Third, workers’ skills need strengthening, and productivity and innovation need to be enhanced. Otherwise, deficits in the labor force will erode the country’s competitiveness, reducing exports and economic growth. Substantial investments in research and development and a shift toward student-centered education are essential to increase labor productivity and support innovation.

As production becomes more sophisticated, the technical and vocational skills of the workforce are increasingly important. Skill development must be aligned with labor market needs and help companies respond flexibly to changing circumstances. China currently suffers from skill shortages in several sectors, and a rapidly aging population is likely to reduce labor market flexibility.

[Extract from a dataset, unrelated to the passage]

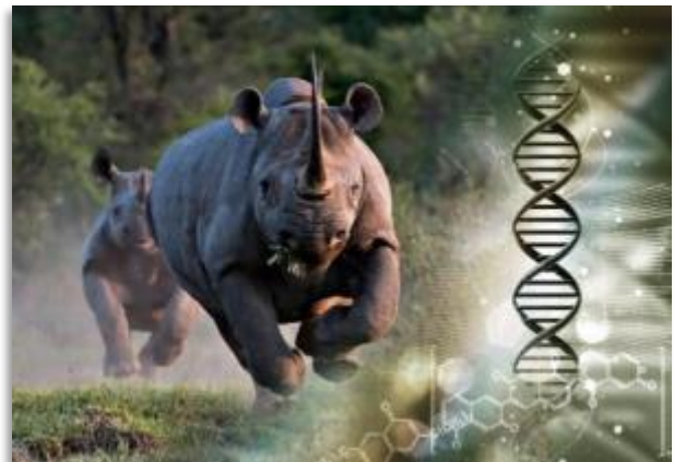
DNA sampling is being used to help combat rhinoceros poaching and illegal trade in rhinoceros horn. For more information, see: http://www.cites.org/eng/news/pr/2013/20131106_forensics.php .

Greater investments in human development will result in higher labor productivity and help indigenous innovation to take root. High literacy rates and universal primary education are not sufficient for China to raise incomes. Tertiary education, and technical and vocational education need to be aligned with the country’s development strategy, supported by private and public initiatives. The government must ensure that all income groups have an opportunity to acquire the skills demanded by innovation-driven growth.

The new leadership has embraced the need for reform. China’s strong fiscal position provides ample room to finance the transition to consumption-based growth, supported by increased public spending. The two annual sessions present a unique opportunity to broaden what is already an impressive and far-reaching reform agenda.